> _Exercise data_:
══════════
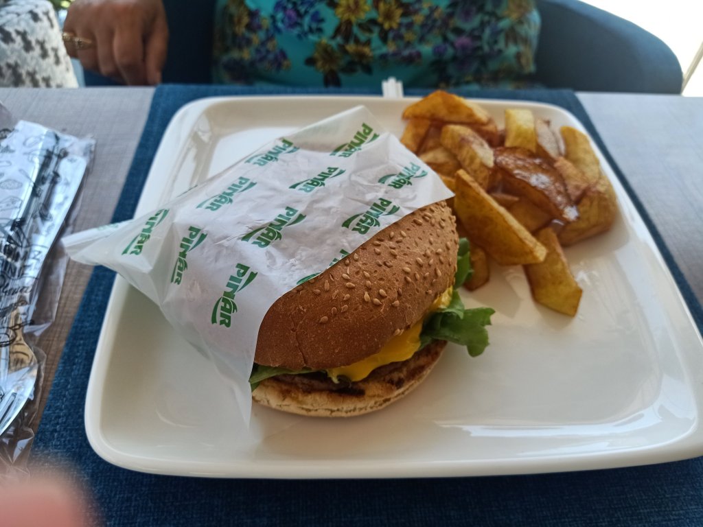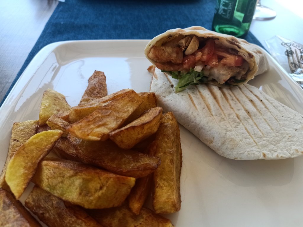 At 5am, on Wednesday 18th May, I got up and cycled back ‘home’ to Mark and Kate’s so that I would be back in time for breakfast for their cats. I also messaged Des to let him know that he had to be back on house and cat sitting duty for tonight as I already had my hands full. Mark and Kate were due back late tonight and I planned to have left by the time they arrived back, so they would have the house to themselves. I also had plans to meet Dick, a mate from England, who was bringing me a stash of sausage and cheese! My first task was to cycle over to Captain Caveman’s apartment to take the washing out and pick up my notes for Turkish class. Michelle, the tortoise, was under a sun lounger near the pool and the roses outside a neighbour’s apartment were looking lovely. Vanessa came to call for me before Turkish class and she got to meet Michelle, we even tried again to feed the tortoise but she must not have been hungry. Turkish class was good as we did more telling the time, where it was apparent that telling the time in English was confusing enough. Vanessa and I decided to stay for lunch at our new Turkish class venue, Casablanca hotel. I ordered a chicken wrap, Vanessa a cheese burger, both came with homemade chips and we enjoyed our meals.
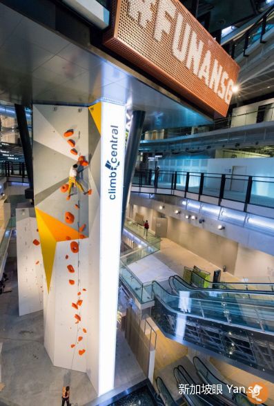 不僅如此,商場內還有一個4層樓高的室內攀岩牆,簡直就是攀岩愛好者的福音~
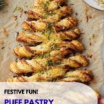 Serve the puff pastry Christmas tree on a rustic wooden board or a festive platter decorated with extra sprigs of herbs and cherry tomatoes to mimic ornaments. For a bit of sparkle, use edible gold dust on the pastry’s tips, or place small cubes of colorful cheese around it for a fun presentation that invites everyone to dig in.
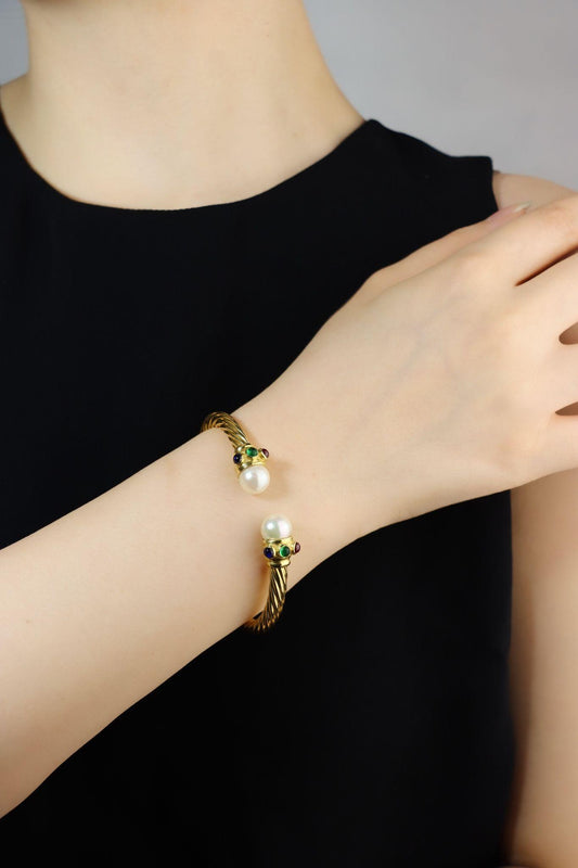 Vintage 18K Gold Pearl Ruby Sapphire Emerald Cuff Bracelet
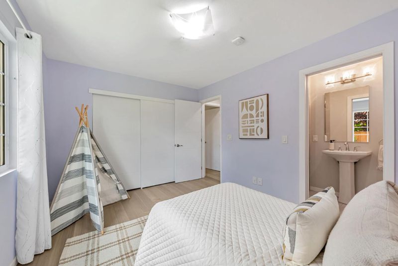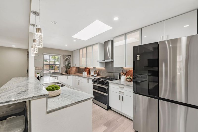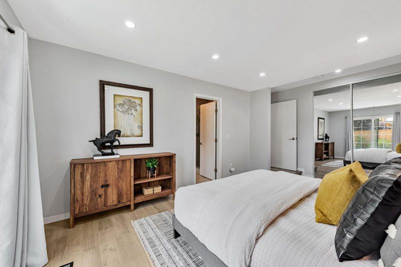This beautiful turnkey 4BR/3BA single level home spans approx. 1,923 sq ft and offers the perfect balance of style, comfort and convenience - giving you peace of mind with no major projects needed! High ceilings, abundant windows and skylights fill the open room layout with natural light creating a bright, welcoming space. The home was transpired, and additional living space was created in 2019. The complete renovation introduced new: flooring/windows throughout, a stylish kitchen with stainless mosaic tile and granite counters, spa-inspired bathrooms and HVAC system. Recently, the home has again been elevated with a Tesla Solar Roof (owned!), power wall and vehicle charging station, main panel upgrade, Samsung kitchen appliances, Indow window inserts, whole-house water softener, 3 phase water purifier, hardscaping creating usable/low maintenance space and a dry sauna to pamper yourself - making this home as luxurious as it is functional. Two ensuite bedrooms provide privacy for you and your guests. Nestled in one of the most central commute locations of Silicon Valley, you are a few-minute walk to Apple, minutes to Nvidia and access to Silicon Valley's tech corridor. Located near highly rated schools, restaurants and shopping, you are going to love calling this home!
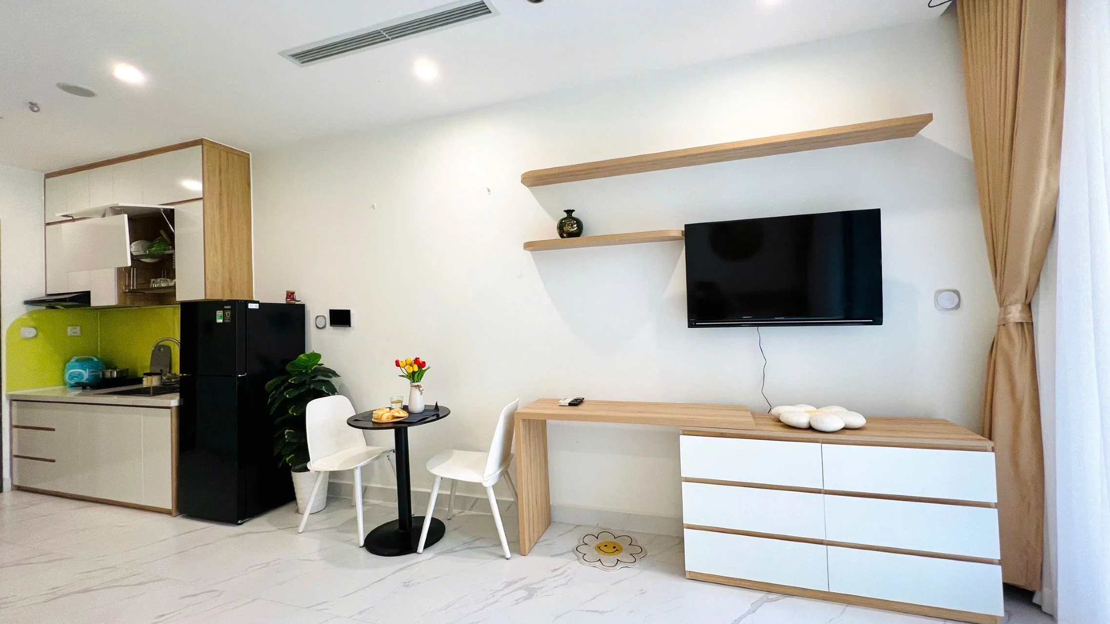 Không gian studio tông trắng – gỗ ấm áp, thiết kế hiện đại tối giản, bố trí giường lớn êm ái, sofa thư giãn và khu bếp gọn gàng, tạo cảm giác sạch
══════════
> _Brief_: Print an exact copy of the lines above, from the one containing "不僅如此,商場內還有一個4層樓高的室內攀岩牆,簡直就是攀岩愛好者的福音~" through the one containing "Vintage 18K Gold", and leave out the pictures.

> _Expected answer_:
 不僅如此,商場內還有一個4層樓高的室內攀岩牆,簡直就是攀岩愛好者的福音~
 Serve the puff pastry Christmas tree on a rustic wooden board or a festive platter decorated with extra sprigs of herbs and cherry tomatoes to mimic ornaments. For a bit of sparkle, use edible gold dust on the pastry’s tips, or place small cubes of colorful cheese around it for a fun presentation that invites everyone to dig in.
 Vintage 18K Gold Pearl Ruby Sapphire Emerald Cuff Bracelet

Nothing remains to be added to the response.